The stock market seemed to have a mild case of the Monday blues, as major benchmarks were down as much as half a percent as of 11 a.m. ET. Despite encouraging news on the job front late last week, investors seem to remain concerned about inflationary pressures and potential future actions from the Federal Reserve and other central banks across the globe.

Those concerns didn't hold every single stock back, though. Indeed, a pair of notable companies gave their shareholders plenty of good news early Monday. Read on to find out more about why Zscaler (ZS 0.30%) and Six Flags Entertaiment (SIX -0.50%) were among the big winners on Wall Street.

Zscaler sees great times ahead

Shares of Zscaler soared nearly 20% early Monday. The cybersecurity specialist gave investors some advance notice that it believes its coming quarterly financial results will be stronger than most people had expected to see in a sluggish macroeconomic environment.

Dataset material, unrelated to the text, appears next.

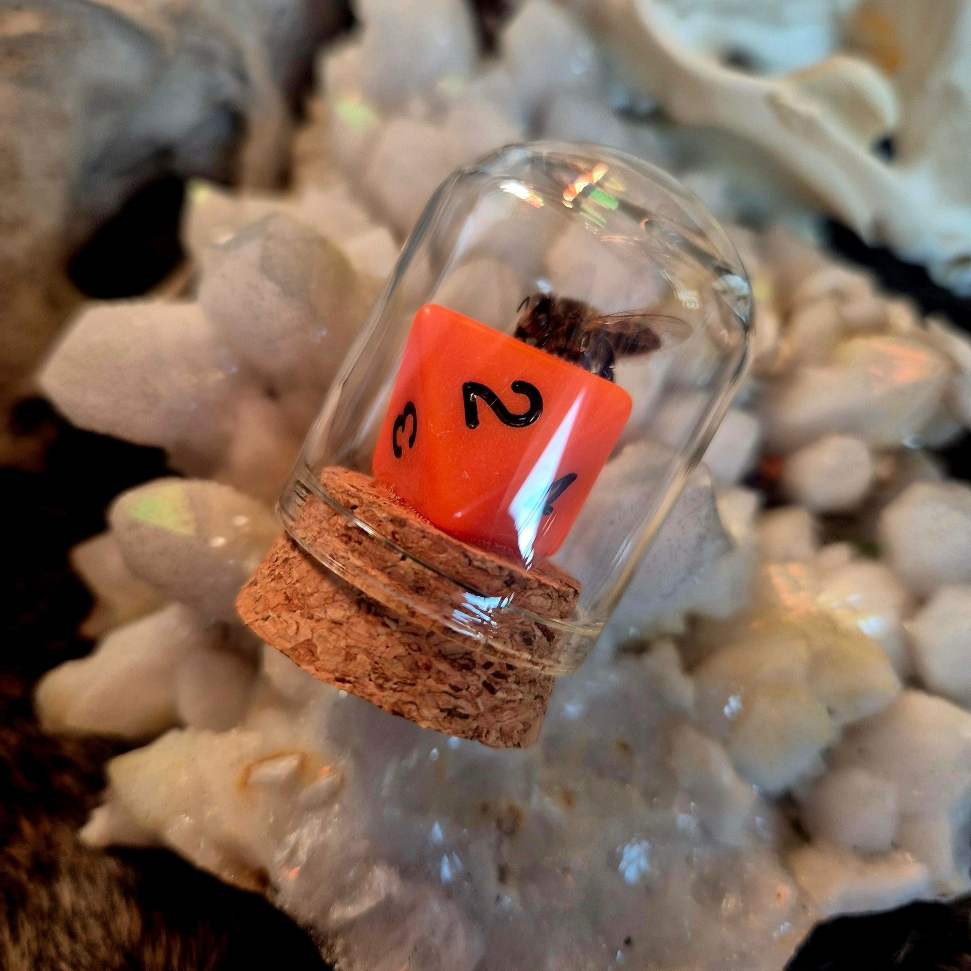 - containing d&d dice and worker bee

Zscaler made an announcement about some of its financial results from its coming fiscal third-quarter report for the period that ended April 30. The company expects revenue to be between $415 million and $419 million, which compares quite favorable to prior guidance from Zscaler for between $396 million and $398 million in sales. Similarly, it now expects slightly higher adjusted operating income than it suggested in previous guidance, with new projections calling for between $60 million and $64 million.

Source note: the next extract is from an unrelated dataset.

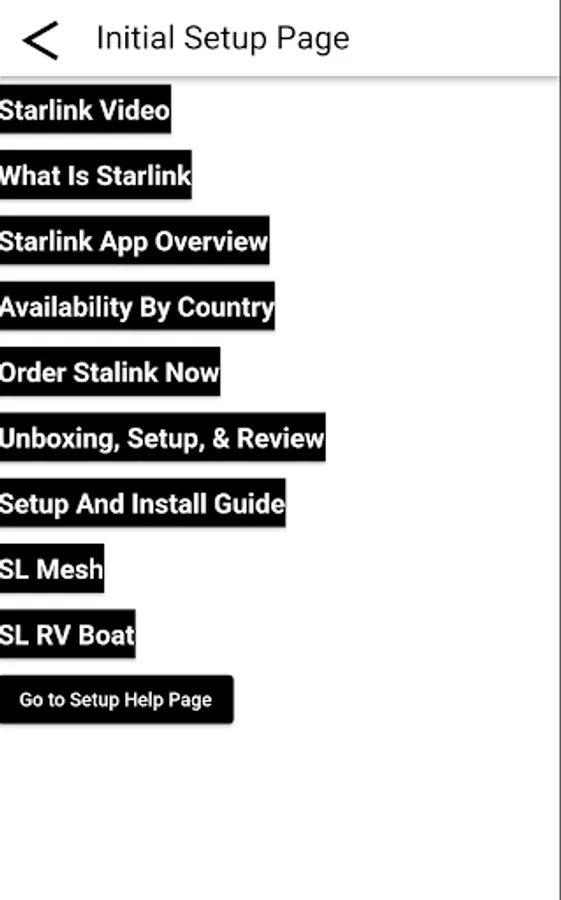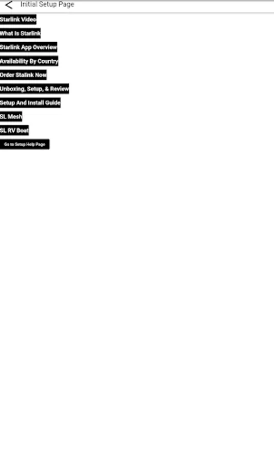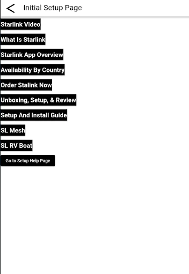 The Initial Setup page describes how to unbox & connect all equipment and wiring, install dishy (the Starlink Antenna), and configure the WiFi router. It also has YouTube links to explain how to unbox, install Dishy, configure your wifi router, and how to run a network cable.

Also of interest was the fact that Zscaler sees calculated bookings rising 38% to 39% year over year. That runs counter to the perception that businesses might be pulling back on their spending on technology. Full-year guidance got modest increases as well.

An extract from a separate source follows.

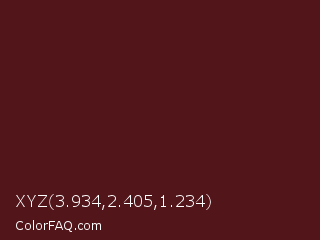 XYZ 3.934,2.405,1.234 Color is a very dark red color and the nearest color is Maroon Oak #520c17. Hex code #52151a and RGB value is rgb(82,21,26). In RGB color space, this color is composed of 32% red, 8% green, 10% blue, In CMYK color space, this color is composed of 0% cyan, 74% magenta, 68% yellow , 68% black , In HSL color space, this color has a hue angle of 355° , 59% saturation and 20% lightness.

For a long time, technology stocks like Zscaler have struggled as investors tried to figure out proper valuations in light of the potential for slowing growth. However, if Zscaler can keep its business robust even when other software platform peers struggle, it could prompt a further recovery in the stock price.

Six Flags is riding higher on Monday

Six Flags Entertainment did its best to match Zscaler's success, and its shares rose 21%. The theme park company reported first-quarter financial results that showed how travelers are returning to in-person entertainment venues with a vengeance, and Six Flags believes the summer could bring even better results ahead.

To be clear, Six Flags' numbers weren't universally positive, but the winter quarter is traditionally a tough one for the company. Revenue moved higher by 3% year over year to $142 million. Net loss worsened slightly, however, producing losses of $0.84 per share.

Other key business metrics were also mixed. Attendance fell by 5% to 1.6 million as unfavorable weather patterns in Texas and California were the primary drivers of lower traffic levels. However, those who did make the trip to Six Flags properties were in a mood to spend more, as admissions spending per capita rose 10% and total guest spending was up 7% year over year on a per-capita basis.

Investors ignored the fact that Six Flags had to pay much higher interest rates to refinance debt coming due next year, instead choosing to look at the long-term transformation plans that CEO Selim Bassoul has put in place. With several summer events around the corner, shareholders have high hopes that Six Flags will be back on the rise after taking them for a roller-coaster ride in recent years.